A creek, by definition, is a waterway that winds down into a marsh. But it is so much more than what meets the eye. A creek is a home; a home to fish, insects, snakes, and birds. When I think of a creek, I think about how it sounds. Water trickling over rocks and brush trying to find its place in the world. I hear the hum of the insects that thrive off it’s marshland. I can smell that boggy wetland smell that reminds me of home. I feel my feet sinking into the ground beneath the moving water and I wonder where this will take me. Although the creek is connected to a larger river, the creek itself is all its own. The creek is hidden from the route of the river and gives privacy to all that live there. It’s like a private community; quiet and reserved on the outside, bustling and wild on the inside. It’s like finding the secret door to a club you’ve been trying to get into for weeks; exclusive and exciting. Kayaking Salt Creek by USFSP this semester showed me how a creek will go anywhere it can, underneath thickets and bridges just to find it’s forever home, a ditch.

Booze, Baseball, Booker Creek (M. Lyons)

It was two days shy of my twenty-first birthday. Opening day. St. Petersburg was buzzing. Rays and Red Sox fans piled into Ferg’s for the hallowed American tradition of getting plastered on three-dollar beers, then watching grown men hit a tiny leather ball with a stick. Police strolled through the sea of baseball-capped heads bobbing up and down along the asphalt of Central Avenue. “We can’t pour them over here … too many cops.” My friend Hope holds our crumpled brown bag of travel-sized liquor bottles like a secret in her cardigan. “I don’t know,” I say. “Let’s keep walking.” 

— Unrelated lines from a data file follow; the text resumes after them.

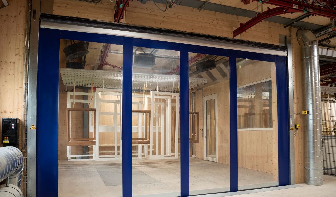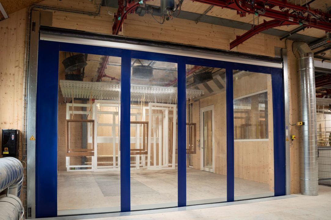 The door dimensions can be configured with widths ranging from 600 to 6,000 mm and heights ranging from 1,000 to 4,500 mm. The flexible door curtain is available in several designs and colours.
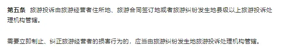 《办法》第五条扩展了旅游者投诉的受理机构,在旅游经营者住所地、合同签订地之外,增加了旅游纠纷发生地,让旅游者可以“就近投诉”“马上投诉”,有利于更好保障旅游者权益。
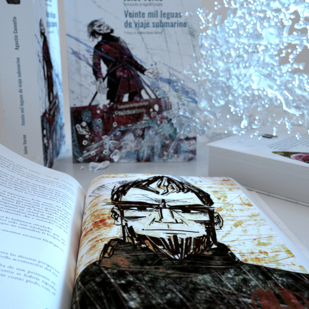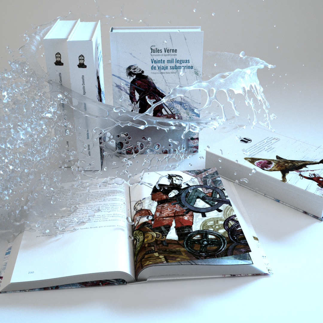 Veinte mil leguas de viaje submarino es una obra narrada en primera persona por el profesor francés Pierre Aronnax, notable biólogo, que es hecho prisionero por el Capitán Nemo y es conducido por los océanos a bordo del submarino Nautilus, en compañía de su criado Conseil y del arponero canadiense Ned Land. Esta edición, que cuenta con una nueva traducción, es una de las obras gráficas más importantes de nuestro catálogo de libros ilustrados.
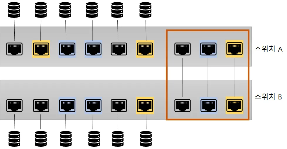 이 상황에서 스위치를 서로 연결해야 하는 경우 각 VLAN끼리 통신하려면 VLAN 갯수만큼 포트를 연결해야 한다. VLAN으로 분할된 스위치는 물리적인 별도의 스위치처럼 취급된다.
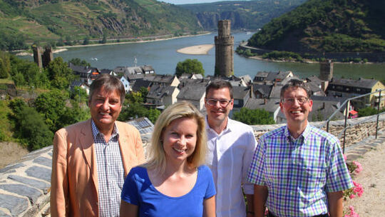 Beste Aussichten für Oberwesel: Lena Höver ist die neue Stadtmanagerin und Leiterin der Tourist-Information. Ihr zur Seite stehen (von links) Stadtbürgermeister Jürgen Port sowie Roland Schmelzeisen und Christian Jäckel vom Oberweseler Gewerbeverein. Foto: Suzanne Breitbach.
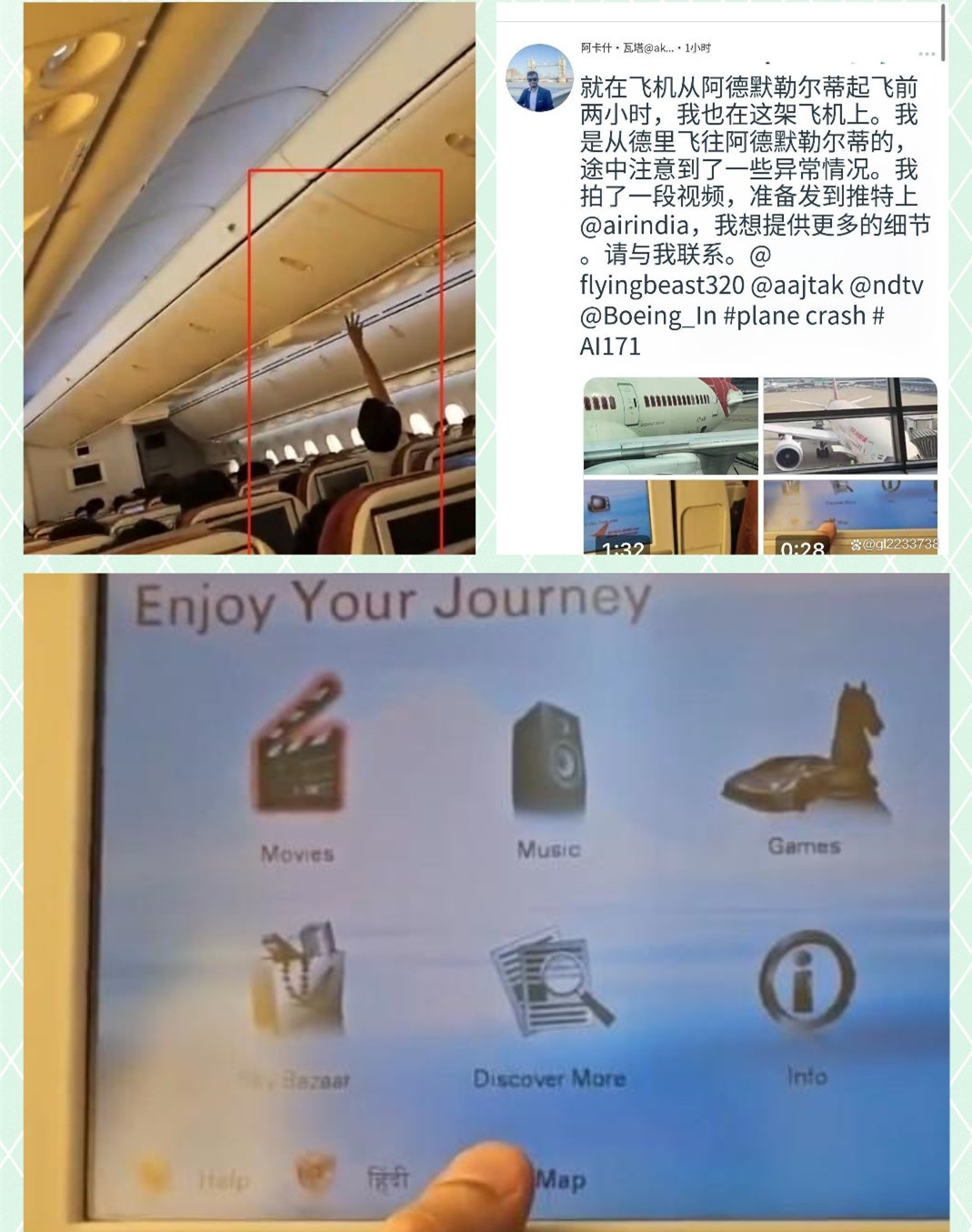 近期,社交媒體平台上出現了一則關於印度波音客機墜機前2小時的視頻——一位乘客從德里乘坐這架飛機抵達古吉拉特邦的艾哈邁達巴德,該乘客表示,他在飛機上發現空調和娛樂系統都停止工作,於是錄下視頻計劃向航空公司投訴。視頻畫面顯示,座位上有乘客試圖調整空調出風口;座椅靠背的娛樂設施屏幕黑屏且觸摸感到發燙,疑似電路出現問題。

Sweaty navy and baby blue clad torsos are pushed out of the way as we move through the bar to the stadium. The Trop is ugly, but today, it looks like Mount Sinai. We waited five long months for this day; the thousand-foot walk from Ferg’s to the outfield gate felt like a pilgrimage to Holy Ground. We were ready to scale the mountain up to the nosebleeds to practice our religion. Florida winters are sunny, but they are not nearly as bright as days during baseball season, even if the Trop does not let the warmth in. As we walk through the tunnel under 1st Avenue, the sound of a saxophone playing “Take Me Out to the Ball Game” reverberates off of the sky blue concrete. “Over there looks good. Let’s walk down the hill a little bit.” 

Hope pulls the liquid treasures from the bag. The Cokes from Publix were warm already but that didn’t matter; we had found a spot to drink. 

From the sidewalk leading from Ferg’s to Tropicana Field, Booker Creek looks like a ditch. The water shoots through the narrow channel down the hill, but you would not know the creek is even there unless you looked. We stood at the bottom of the ravine and were transported into a different world. The sound of the saxophone and the boisterous people above us were a footnote to us in that moment. We stood in the March sunlight, looking at the water, and drinking cheap rum as the clamor of opening day tore away from us. The rum tasted like sunscreen. A world sits beneath the oak trees, in the heart of the city, in the shadow of the great white dome.